# PROBLEM STATEMENT
Find the line that contains "В летнее время"; please output it and each line after it, exactly as shown, up to the end of the entries below, skipping pictures.

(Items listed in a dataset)
--- START ---
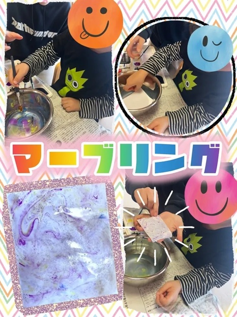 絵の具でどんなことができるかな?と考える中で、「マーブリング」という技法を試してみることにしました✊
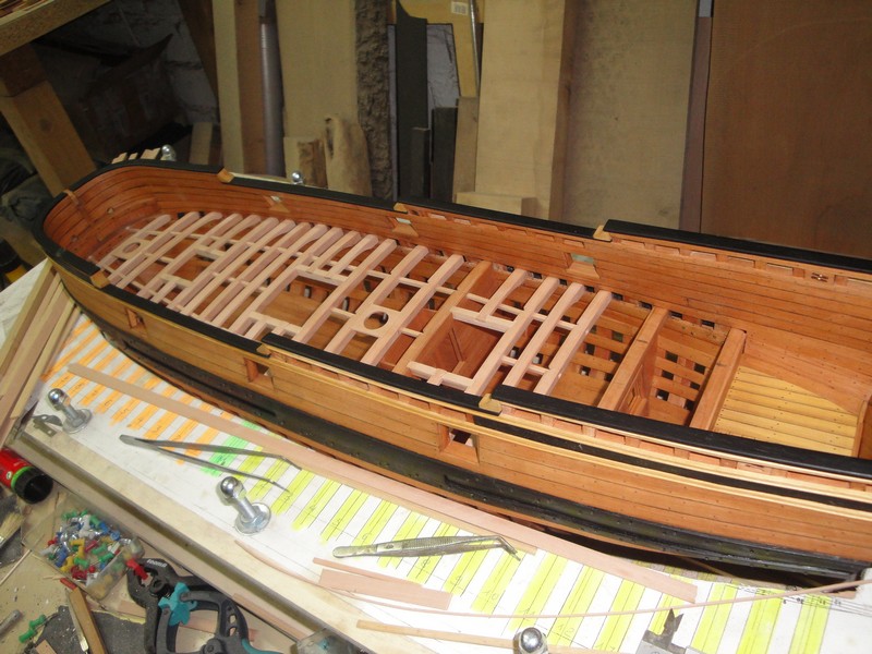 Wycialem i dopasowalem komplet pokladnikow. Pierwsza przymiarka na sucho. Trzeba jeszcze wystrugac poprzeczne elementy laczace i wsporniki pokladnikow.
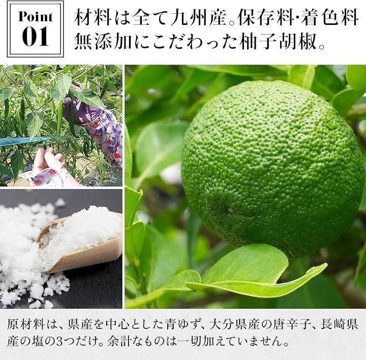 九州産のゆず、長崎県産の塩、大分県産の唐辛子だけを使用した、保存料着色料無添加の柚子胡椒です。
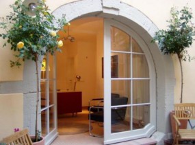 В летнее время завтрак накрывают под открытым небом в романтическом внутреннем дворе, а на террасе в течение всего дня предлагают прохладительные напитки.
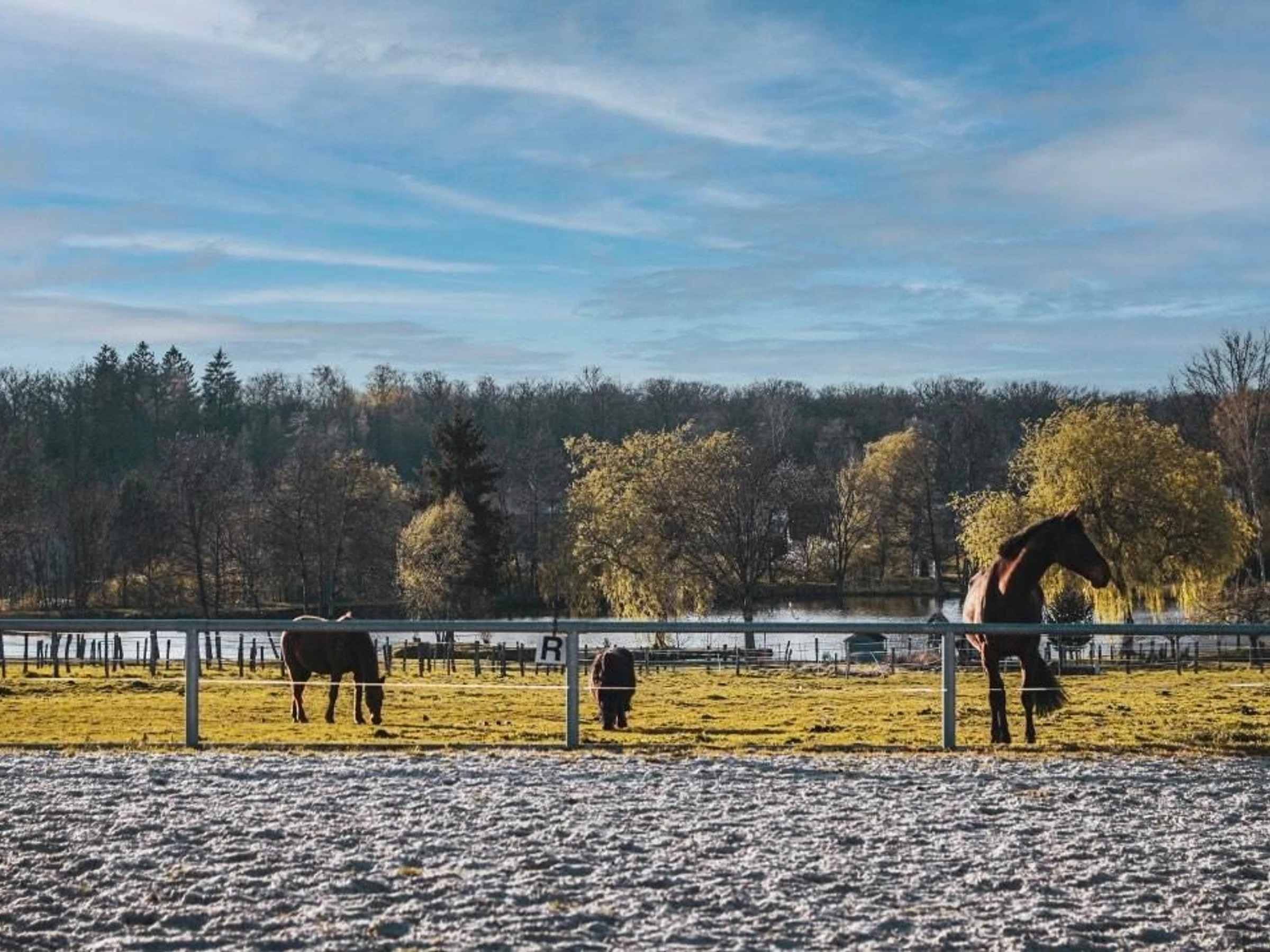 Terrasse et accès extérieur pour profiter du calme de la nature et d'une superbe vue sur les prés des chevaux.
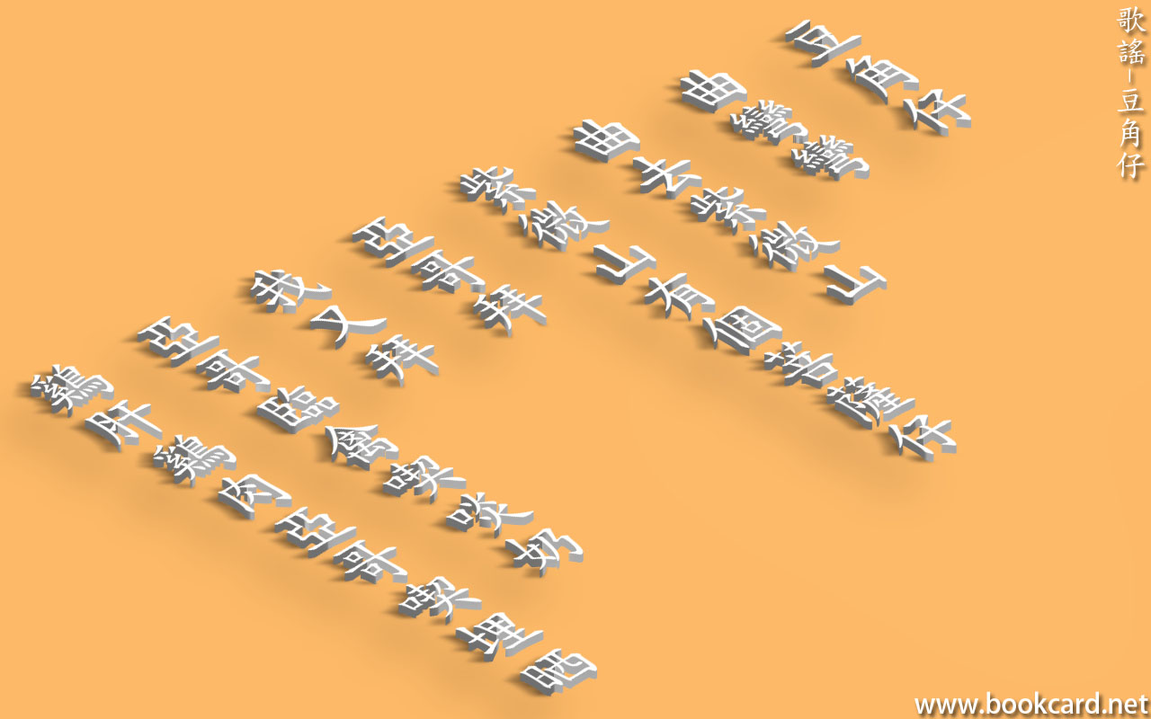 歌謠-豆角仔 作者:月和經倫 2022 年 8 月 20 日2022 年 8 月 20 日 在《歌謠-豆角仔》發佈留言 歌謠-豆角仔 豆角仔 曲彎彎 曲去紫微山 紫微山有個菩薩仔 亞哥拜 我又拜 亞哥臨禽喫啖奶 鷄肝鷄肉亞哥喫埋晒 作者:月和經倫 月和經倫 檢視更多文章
--- END ---
# REPLY
 В летнее время завтрак накрывают под открытым небом в романтическом внутреннем дворе, а на террасе в течение всего дня предлагают прохладительные напитки.
 Terrasse et accès extérieur pour profiter du calme de la nature et d'une superbe vue sur les prés des chevaux.
 歌謠-豆角仔 作者:月和經倫 2022 年 8 月 20 日2022 年 8 月 20 日 在《歌謠-豆角仔》發佈留言 歌謠-豆角仔 豆角仔 曲彎彎 曲去紫微山 紫微山有個菩薩仔 亞哥拜 我又拜 亞哥臨禽喫啖奶 鷄肝鷄肉亞哥喫埋晒 作者:月和經倫 月和經倫 檢視更多文章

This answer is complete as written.